Pemprov DKI Siapkan Keringanan Tunggakan Sewa Rusun untuk Warga Tak Mampu!
HAIJAKARTA.ID- Pemerintah Provinsi (Pemprov) DKI Jakarta menyatakan akan memberikan keringanan bagi masyarakat berpenghasilan rendah (MBR) yang mengalami kesulitan membayar tunggakan sewa rumah susun sederhana sewa (rusunawa).
Kebijakan tersebut menjadi respons Pemprov DKI terhadap usulan sejumlah fraksi DPRD Jakarta yang meminta agar warga tidak mampu tidak kehilangan tempat tinggal hanya karena memiliki tunggakan sewa rusun.
Wakil Gubernur DKI Jakarta menyampaikan kebijakan tersebut dalam Rapat Paripurna DPRD DKI Jakarta pada Rabu (26/8/2026).
Menurut Rano, Pemprov DKI akan menyiapkan sejumlah mekanisme untuk menyelesaikan persoalan tunggakan, mulai dari restrukturisasi pembayaran, pembebasan denda keterlambatan, hingga skema keringanan lainnya.
Berlaku untuk Warga yang Benar-Benar Tidak Mampu
Rano menegaskan, kebijakan tersebut tidak serta-merta diberikan kepada seluruh penghuni rusunawa yang memiliki tunggakan.
Keringanan ditujukan terutama bagi masyarakat berpenghasilan rendah yang memang tidak memiliki kemampuan untuk membayar serta warga yang tinggal di rusun akibat terdampak relokasi.
“Eksekutif akan menerapkan mekanisme restrukturisasi, pembebasan denda keterlambatan atau skema keringanan lainnya bagi masyarakat berpenghasilan rendah yang benar-benar tidak mampu dan terdampak relokasi,” ujar Rano dalam rapat paripurna.
Kebijakan ini diharapkan dapat memberikan perlindungan kepada warga yang berada dalam kondisi ekonomi sulit sekaligus mencegah mereka kehilangan tempat tinggal.
Tunggakan Rusunawa Capai Rp95,5 Miliar
Persoalan tunggakan sewa rusunawa menjadi salah satu perhatian Pemprov DKI. Berdasarkan data 2025, total tunggakan sewa rusunawa di Jakarta tercatat mencapai Rp95,5 miliar.
Besarnya nilai tunggakan tersebut membuat pemerintah perlu mencari mekanisme penyelesaian yang tetap mempertimbangkan kondisi ekonomi penghuni.
Pemprov DKI tidak hanya mempertimbangkan aspek penagihan, tetapi juga kondisi warga yang memang mengalami keterbatasan kemampuan ekonomi.
Bukan Berarti Semua Tunggakan Dihapus
Rencana kebijakan tersebut juga tidak berarti seluruh penghuni rusunawa yang menunggak akan otomatis terbebas dari kewajiban pembayaran.
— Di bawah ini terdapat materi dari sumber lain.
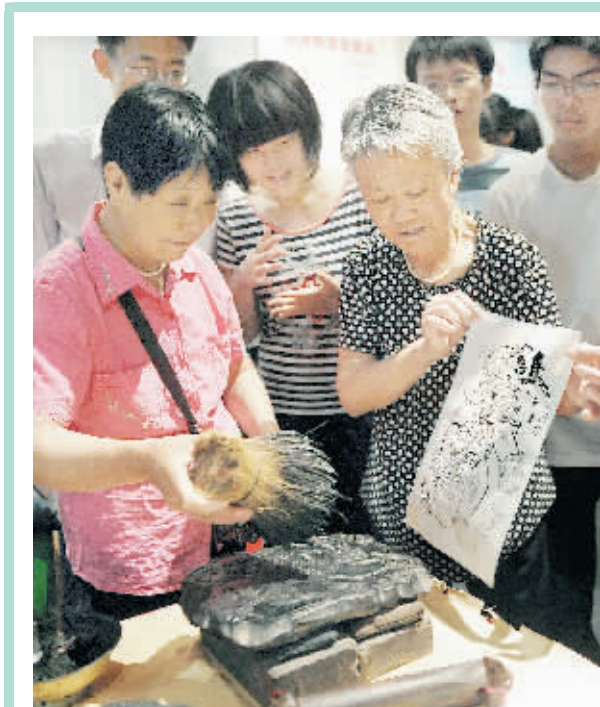
5月18日,几名郑州市民在河南省博物馆举行的“把博物馆带回家”活动中,自己动手印制朱仙镇传统木板年画。当日是第35个国际博物馆日,今年的主题是“博物馆与记忆”。全国各地的博物馆纷纷推出专题展示、系列讲座、观众互动、文物鉴赏等活动。让更多的人了解博物馆,并让更多有关历史与收藏的细节变成公共记忆。不少博物馆还在当天免费对公众开放。

陶德田表示,今后凡发生重大铅污染事件以及由铅污染引发群体性事件的国家环境保护模范城市和生态建设示范区,一律立即撤销其国家环境保护模范城市和生态建设示范区称号,三年内不再受理其申请。

Pemprov DKI tetap akan melakukan pembinaan terhadap penghuni yang sebenarnya mampu membayar tetapi dengan sengaja mengabaikan kewajibannya.
Langkah tersebut dinilai penting agar kebijakan keringanan tidak menghilangkan tanggung jawab penghuni sekaligus tetap menjaga keberlangsungan aset milik daerah.
“Langkah ini bertujuan melindungi warga dari risiko kehilangan tempat tinggal tanpa mengabaikan aspek pembinaan bagi mereka yang secara sengaja melalaikan kewajibannya. Hal ini untuk menjaga keberlangsungan aset daerah,” kata Rano.
Rusun Didorong Jadi Hunian yang Layak dan Terjangkau
Persoalan tunggakan sewa tersebut turut dibahas dalam pembahasan Rancangan Peraturan Daerah (Raperda) tentang Rumah Susun.
Pemprov DKI bersama DPRD Jakarta mendorong agar keberadaan rusun tidak hanya dipandang sebagai tempat tinggal bagi masyarakat berpenghasilan rendah, tetapi juga menjadi bagian dari ekosistem hunian yang layak, aman, terjangkau, inklusif, dan berkelanjutan.
Dalam rapat paripurna pada 26 Agustus 2026, seluruh fraksi DPRD DKI menyatakan menyetujui pembahasan Raperda Rumah Susun, meski tetap memberikan sejumlah catatan agar regulasi tersebut semakin berpihak kepada masyarakat dan menjamin hak dasar warga.
Dengan skema keringanan tunggakan tersebut, Pemprov DKI berharap persoalan pembayaran sewa rusun dapat diselesaikan secara lebih manusiawi.
Di sisi lain, pemerintah tetap berupaya memastikan pengelolaan aset daerah berjalan secara tertib dan berkelanjutan.